Outlook: cautious but constructive, with M&A signals

Market conditions for venture and exits remain challenging, and no major exits occurred in the period. However, several companies are engaged in potential M&A and strategic partnership discussions, which hints at a livelier corporate appetite. EMV remains focused on disciplined capital deployment, proactive portfolio management and scaling its Funds and Venture Building platforms.

The Board believes the Group is set up to benefit as capital market sentiment improves. Preliminary results are expected in May 2026.
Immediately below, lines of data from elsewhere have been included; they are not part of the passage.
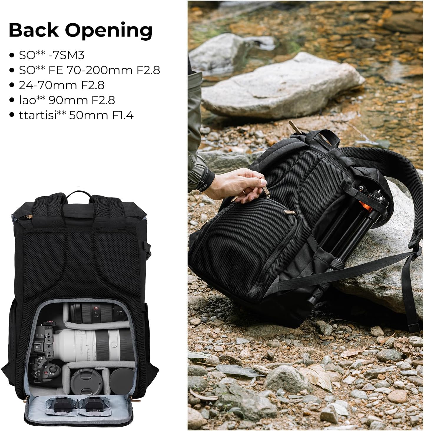- 【Safety & Easy Access】Professional backside access guarantees the safety of your gear, anti-theft; Right quick side access lets you get your gear without putting the bag down.
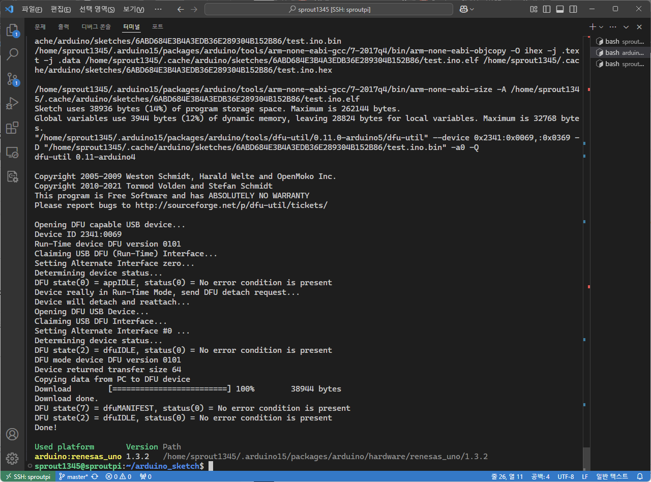 아래는 Windows에서의 컴파일 및 업로드 과정의 일부이다.
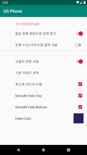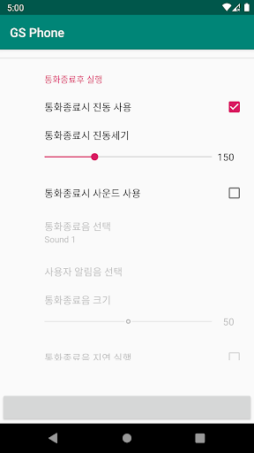 통화 종료 후 진동, 소리, 홈 이동 기능

My take: solid execution, but watch liquidity and exit timing

  • Positives: revenue up c.16%, AUM held above £100 million, and “core” revenue of approximately £3.2 million covering a significant chunk of operating costs. Venture Building is delivering impressive fair value creation, and portfolio companies are hitting meaningful milestones.
  • Strategic progress: full Martlet integration deepens fee-based resilience and opportunity for carried interest. Leadership hires and digital investment should lift operating leverage over time.
  • Watch-fors: year-end cash of £0.5 million and quoted securities of c.£0.3 million are on the light side, putting a premium on continued fee generation, fundraising momentum, and careful capital allocation. No major exits yet, so realising gains remains a key dependency on market conditions.

Overall, this reads as steady, sensible execution in a selective funding environment. If M&A activity in the portfolio translates into actual transactions, the platform is well placed to convert that into cash realisations and future fundraising firepower.

Disclaimer: This Blog is provided for general information about investments. It does not constitute investment advice. Information is taken from publicly available sources and any comment is that of the author who does not take any third party comment in the publication.